A historic pub said to be haunted by the ghost of a highwayman has to be rebuilt brick by brick after being demolished without permission.
The former Punch Bowl Inn, in Hurst Green, Lancashire, is currently in ruins after it was illegally bulldozed by its owners in June last year.
Nine months before a developer’s application to accommodate caravan sites on the site was rejected by the council.
Now Ribble Valley Council has ordered that the 18th century pub be rebuilt to original plans, which will have to be done based on architectural data.
The Punch Bowl Inn, pictured here before demolition, is said to date from the 18th century
The original building is said to date from the 18th century, with a plaque above the door saying it dates from 1793.
But locals say it predates that, to the 1730s, when it gained a reputation for being haunted, with folklore claiming that highwaymen Dick Turpin and Ned King resided there.
According to a local legend, the two criminals visited the pub during their journey from Essex in 1739.
It was demolished ‘without permission’ by its owner in June last year, nine months before a planning application to convert it into a caravan site was rejected
It is alleged that Turpin traveled on to York, while King stayed and catered to travelers in the Ribble Valley with the help of the pub’s landlord, Jonathan Brisco.
King’s reign of terror ended, however, when he was captured by the army in 1741 and hanged from a tree outside the pub. According to local legends, his ghost haunted the pub while it was still standing, reports the Lancashire Telegraph.
The Grade II listed pub had been vacant for years before demolition, and the site was put up for sale in 2013.
The council subsequently rejected several building applications from Blackburn-based developer Donelan Trading Ltd.
These include refurbishment, partial demolition and extension works for holiday rentals and a cafe, while the most recent application, in March 2021, sought permission to build 15 mobile home pitches on the site.
This only appeared before the planning committee in March of this year, where it was subsequently rejected.
The cafe, which had been given monument status in 1983, had already been demolished for nine months.
Historic England said it was “sad” that the late pub was being demolished “without permission”.
In reports from planning officials, written before the pub’s demolition, they said the proposed caravan development would be detrimental to the area surrounding the Grade II listed inn building, open countryside and the Forest of Bowland area.
The owner has now been commissioned to rebuild the pub brick by brick based on the original plans for the site
The zoning department has received numerous appeals, one of which states that the owner should not “be entitled to do anything with this land until a full investigation into the illegal destruction of the Punch Bowl Inn is completed.”
The local parish council also objected, citing factors such as overdevelopment, road safety and the inn’s demolition.
A spokeswoman for Historic England said the organization was “sad to learn that the heritage-listed Punch Bowl Inn was being demolished without permission.”
‘Dating back to the late 18th century, the building was a local landmark along Longridge Road,’ she added.
A spokeswoman for Ribble Valley Council confirmed that an enforcement notice had been sent demanding that the pub be rebuilt.

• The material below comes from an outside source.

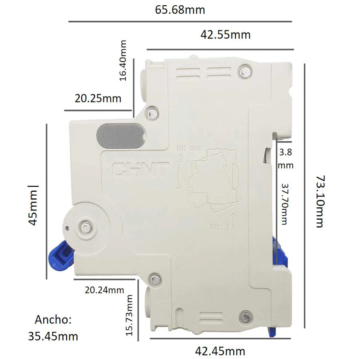El interruptor termomagnético cuenta con una bandera indicadora que ofrece señalización visual del estado y función del dispositivo, el color rojo indica un circuito cerrado y el color verde, un circuito abierto. Fabricados bajo el estándar IEC/EN60898-1 con certificados CE y NOM, e ISO: 9001 ISO: 14001, ISO:45001.

She added that she understood that the owner had appealed the order to rebuild the pub or other planning issues related to the site.
How a Lancashire pub ‘was chased by a notorious highwayman’
Local legend says the infamous highwayman Dick Turpin stayed at the inn with accommodation Ned King
The Punch Bowl Inn is known to have stood on the slopes of the Ribble Valley since the 18th century.
While a stone above the door dates the building to 1793, locals say the building dates from earlier in the century.
A local legend suggests it was used as a resting place by two notorious highwaymen – Dick Turpin and Ned King.
According to folklore, the couple arrived in 1739 after driving from Essex, with Turpin deciding to move to York while King stayed behind.
It is alleged that the pub’s owner, Jonathan Brisco, helped King when he robbed travelers on nearby roads.
Legend has it that he was eventually caught by a group of redcoats, who surrounded the pub, murdered Briscow and captured King.
However, the highwayman would not be granted a reprieve as the ghost hunters claimed he was hanged from a tree outside the pub, leading to the pub becoming haunted.
Life in the pub continued, with an extension in the mid-19th century, and it was given listed status in 1983.
However, its fortunes deteriorated and it was put up for sale in 2013.
It has been vacant ever since and successive urban planning applications to re-open it have been rejected before it was seemingly prematurely demolished in June last year.